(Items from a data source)
○ ○ ○ ○ ○

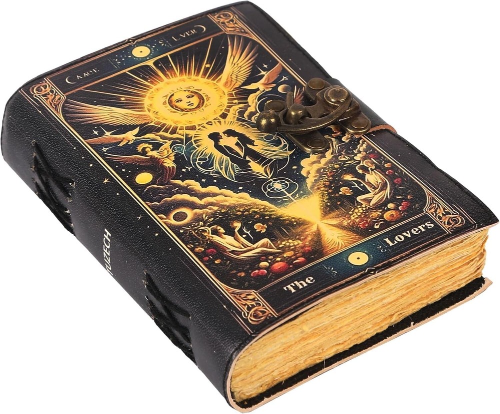 BEAUTIFULLY CRAFTED: Our handmade artisan leatherbound spellbook grimoire journals are crafted from genuine leather. The black colouring gives it a beautiful antique vintage feel. Being hand-made from natural leather. The cover features a beautiful gold designing.. VINTAGE LOCK AND STURDY BINDING - The vintage clasp lock will keep all your valuable writing locked inside.Sturdy hand stitched binding to make sure that no paper comes out loose from your Spell BOOK. PERFECT FOR GIVING: Suitable for both men or women to write in, this locking diary daily travelers notebook is perfect for an avid writer, or Harry Potter fan looking for a magic spell book. Ideal to give as a birthday gift, valentines, halloween, graduation or wedding anniversary present. Spell Book Tarot Journal Merchandise Popsocket Grimoire Wiccan Witch Prop Spells Decor Skull Lovers Blank Notebook Gift Props Spellbook Blanks With Clasp Coloring Books For Men Women Adult and you can keep this journal at your bedside as like memory of your loved ones.. Handcrafted to perfection by the artisans of Rajasthan, India MANY USES - This aesthetic Lovers Journal Can be used as a Hocus Pocus gifts , the lovers tarot journal, gothic notebook, skull journal, spell books halloween decorations, book of spells halloween decor. grimoire spell book, drawing or sketching and compact for carrying in your bag. Ideal for alternative Artist Sketchbooks, Photo Album, Traveling Notes, Business Executive, Logbook, hocus pocus spell book , Journalists, Food Planner, old spell notebook, antique handmade skull journal Colour Black Pages 240 Pages Cover Material Leather Style The Angel Lovers 1. PAYMENT POLICY Payment should be cleared within 3 days of sale and we prefer payments through eBay Payment Options. 2. SHIPPING POLICY Item will be delivered Worldwide by Registered Airmail Service (India Post, DHL Express, FedEx) which may take 10 to 15 days but we assume a maximum of 30 business days to deliver it. We also provide Speed Post Shipping Service (EMS) for this service you need to pay shipping charges as per the item weight and country location. It will certainly reach much faster than the usual Airmail Service. 3. CUSTOM POLICY Import duties, taxes and charges are not included in the item price or the shipping charges. These charges are the buyer's responsibility. Please check with your local customs authority to determine these additional costs prior to bidding or buying. 4. RETURN POLICY In case of any problems after receiving the item, please contact within 7 days and only the purchase amount will be refunded not the postage amount. One-side postage for returning the item will be paid by the buyer. Money will be refunded by eBay Payment Options after the item is received. 5. LEGAL DISCLAIMER While we work, we ensure that product information is correct and the real product will as similar as it looks in the picture but sometimes it may look slightly different from real because sometimes manufacturer changes the packing. So please understand this fact & if you have any query related to this, feel free to reach us. 6. FEEDBACK POLICY Please do not leave a negative feedback as a way to communicate. Any rating given to a seller can neither be changed nor modified. So better communicate for faster resolution to any disputes. If you have any concerns regarding your purchase please contact, satisfactory resolution will be reached. If you like our product tell others, if not tell us, we will do our best to deliver as per commitment. Our first priority is buyer's satisfaction and we always ready to take every possible step in buyer's favor. 7. CONTACT US For any query, we request you to either use the ask question button, normally we reply back on the same day or the next working day or you can mail us reply time for emails is 12-24 Hours. We are available 24*7 at your service. IMPORTANT NOTES 1. To discuss BULK ORDERS contact us anytime 24*7 and we definitely revert within 12-24 hrs. 2. Please share a POSITIVE FEEDBACK if you are satisfied with our product/service after delivery. 3. Do Not Leave a NEGATIVE FEEDBACK or Do Not Open INR/INAD Request; just send us a message if you have any issues with our product or service. It cannot be removed and will not give any benefit to you as well. We are 24*7 available for satisfactory resolution. 4. Please ensure that there is SOMEONE TO RECEIVE THE PARCEL ON YOUR ADDRESS OF DELIVERY. If there is no one to receive the parcel at the time of delivery, the postal/courier service will leave a note at your home and you will have to pick up the parcel from the post office yourself by providing the registration number and proof of your identity. If the parcel is not picked up after the time period, it may be returned back to us as unclaimed. ""THANK YOU"" Track Page Views With Auctiva's Counter
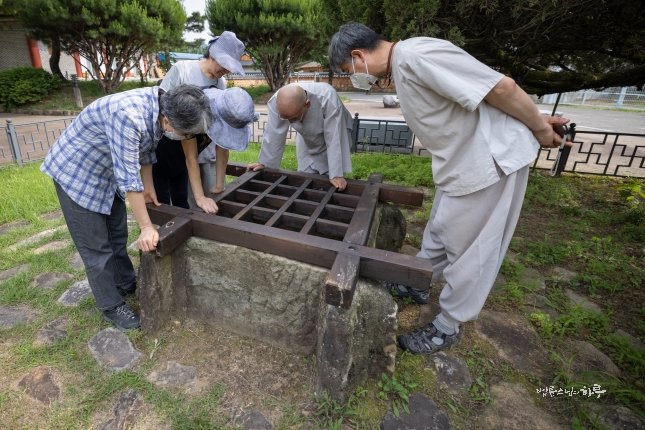아도모례원 앞에는 신라에 처음 불교를 전한 아도 화상이 머물렀다는 모례 장자의 집에 있던 우물이 아직까지 남아 있었습니다. 우물 앞에서 스님은 신라에 불교가 어떻게 처음 전해졌는지 들려주었습니다.
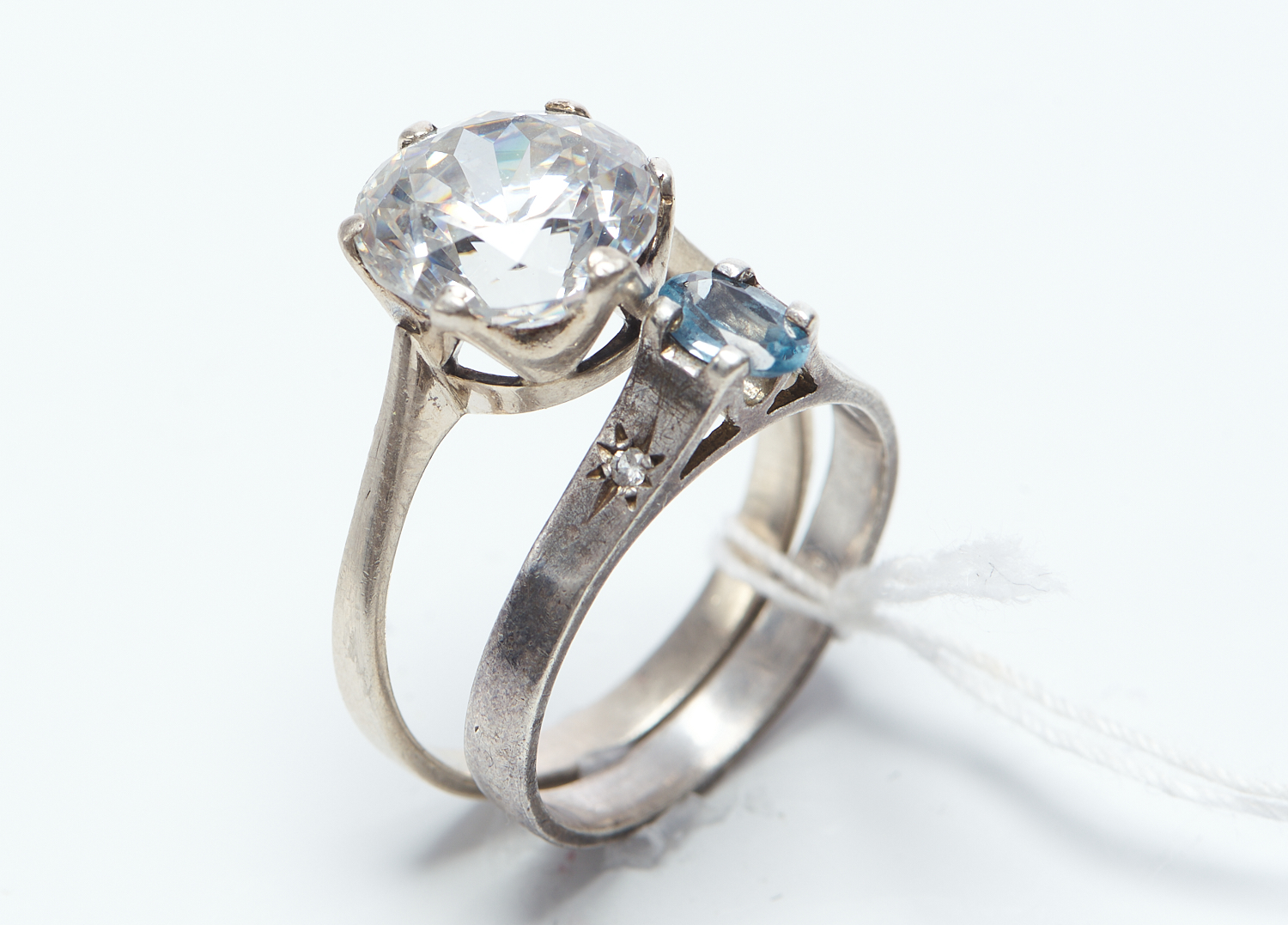 TWO RINGS INCLUDING AQUAMARINE AND CUBIC ZIRCONIA, ONE IN SILVER AND THE OTHER GOLD PLATED SILVER, SIZE P-Q AND N
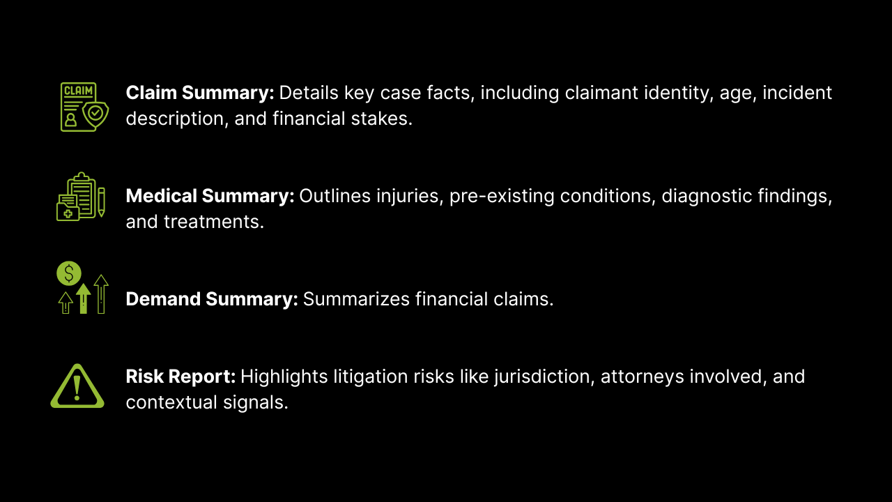 Claim files can run into hundreds of pages of medical records, legal filings, and correspondence. ClaimLens digests this information and produces structured outputs, such as:
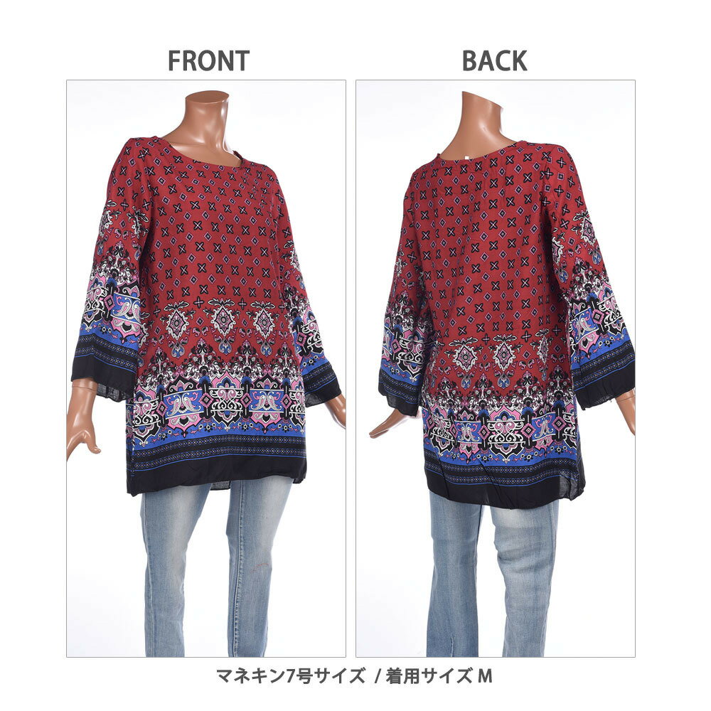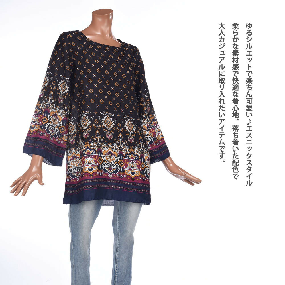 エスニック調のパネルプリントが素敵なチュニックワンピースです。
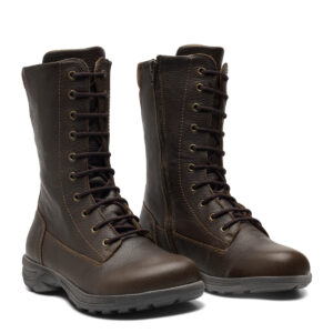 Pue ja säädä: löysää nauhat, avaa vetoketju ja sujauta jalka sisään. Kiristä nauhat niin, että kenkä istuu tukevasti, ja sulje vetoketju. Joustava Orthostretch‑nahka mukautuu jalan anatomiaan.

○ ○ ○ ○ ○

* **Activity**: The copy you give must repeat each record character for character, but it must not include the pictures.

* **Solution to the exercise**:
 BEAUTIFULLY CRAFTED: Our handmade artisan leatherbound spellbook grimoire journals are crafted from genuine leather. The black colouring gives it a beautiful antique vintage feel. Being hand-made from natural leather. The cover features a beautiful gold designing.. VINTAGE LOCK AND STURDY BINDING - The vintage clasp lock will keep all your valuable writing locked inside.Sturdy hand stitched binding to make sure that no paper comes out loose from your Spell BOOK. PERFECT FOR GIVING: Suitable for both men or women to write in, this locking diary daily travelers notebook is perfect for an avid writer, or Harry Potter fan looking for a magic spell book. Ideal to give as a birthday gift, valentines, halloween, graduation or wedding anniversary present. Spell Book Tarot Journal Merchandise Popsocket Grimoire Wiccan Witch Prop Spells Decor Skull Lovers Blank Notebook Gift Props Spellbook Blanks With Clasp Coloring Books For Men Women Adult and you can keep this journal at your bedside as like memory of your loved ones.. Handcrafted to perfection by the artisans of Rajasthan, India MANY USES - This aesthetic Lovers Journal Can be used as a Hocus Pocus gifts , the lovers tarot journal, gothic notebook, skull journal, spell books halloween decorations, book of spells halloween decor. grimoire spell book, drawing or sketching and compact for carrying in your bag. Ideal for alternative Artist Sketchbooks, Photo Album, Traveling Notes, Business Executive, Logbook, hocus pocus spell book , Journalists, Food Planner, old spell notebook, antique handmade skull journal Colour Black Pages 240 Pages Cover Material Leather Style The Angel Lovers 1. PAYMENT POLICY Payment should be cleared within 3 days of sale and we prefer payments through eBay Payment Options. 2. SHIPPING POLICY Item will be delivered Worldwide by Registered Airmail Service (India Post, DHL Express, FedEx) which may take 10 to 15 days but we assume a maximum of 30 business days to deliver it. We also provide Speed Post Shipping Service (EMS) for this service you need to pay shipping charges as per the item weight and country location. It will certainly reach much faster than the usual Airmail Service. 3. CUSTOM POLICY Import duties, taxes and charges are not included in the item price or the shipping charges. These charges are the buyer's responsibility. Please check with your local customs authority to determine these additional costs prior to bidding or buying. 4. RETURN POLICY In case of any problems after receiving the item, please contact within 7 days and only the purchase amount will be refunded not the postage amount. One-side postage for returning the item will be paid by the buyer. Money will be refunded by eBay Payment Options after the item is received. 5. LEGAL DISCLAIMER While we work, we ensure that product information is correct and the real product will as similar as it looks in the picture but sometimes it may look slightly different from real because sometimes manufacturer changes the packing. So please understand this fact & if you have any query related to this, feel free to reach us. 6. FEEDBACK POLICY Please do not leave a negative feedback as a way to communicate. Any rating given to a seller can neither be changed nor modified. So better communicate for faster resolution to any disputes. If you have any concerns regarding your purchase please contact, satisfactory resolution will be reached. If you like our product tell others, if not tell us, we will do our best to deliver as per commitment. Our first priority is buyer's satisfaction and we always ready to take every possible step in buyer's favor. 7. CONTACT US For any query, we request you to either use the ask question button, normally we reply back on the same day or the next working day or you can mail us reply time for emails is 12-24 Hours. We are available 24*7 at your service. IMPORTANT NOTES 1. To discuss BULK ORDERS contact us anytime 24*7 and we definitely revert within 12-24 hrs. 2. Please share a POSITIVE FEEDBACK if you are satisfied with our product/service after delivery. 3. Do Not Leave a NEGATIVE FEEDBACK or Do Not Open INR/INAD Request; just send us a message if you have any issues with our product or service. It cannot be removed and will not give any benefit to you as well. We are 24*7 available for satisfactory resolution. 4. Please ensure that there is SOMEONE TO RECEIVE THE PARCEL ON YOUR ADDRESS OF DELIVERY. If there is no one to receive the parcel at the time of delivery, the postal/courier service will leave a note at your home and you will have to pick up the parcel from the post office yourself by providing the registration number and proof of your identity. If the parcel is not picked up after the time period, it may be returned back to us as unclaimed. ""THANK YOU"" Track Page Views With Auctiva's Counter
아도모례원 앞에는 신라에 처음 불교를 전한 아도 화상이 머물렀다는 모례 장자의 집에 있던 우물이 아직까지 남아 있었습니다. 우물 앞에서 스님은 신라에 불교가 어떻게 처음 전해졌는지 들려주었습니다.
 TWO RINGS INCLUDING AQUAMARINE AND CUBIC ZIRCONIA, ONE IN SILVER AND THE OTHER GOLD PLATED SILVER, SIZE P-Q AND N
 Claim files can run into hundreds of pages of medical records, legal filings, and correspondence. ClaimLens digests this information and produces structured outputs, such as:
 エスニック調のパネルプリントが素敵なチュニックワンピースです。
 Pue ja säädä: löysää nauhat, avaa vetoketju ja sujauta jalka sisään. Kiristä nauhat niin, että kenkä istuu tukevasti, ja sulje vetoketju. Joustava Orthostretch‑nahka mukautuu jalan anatomiaan.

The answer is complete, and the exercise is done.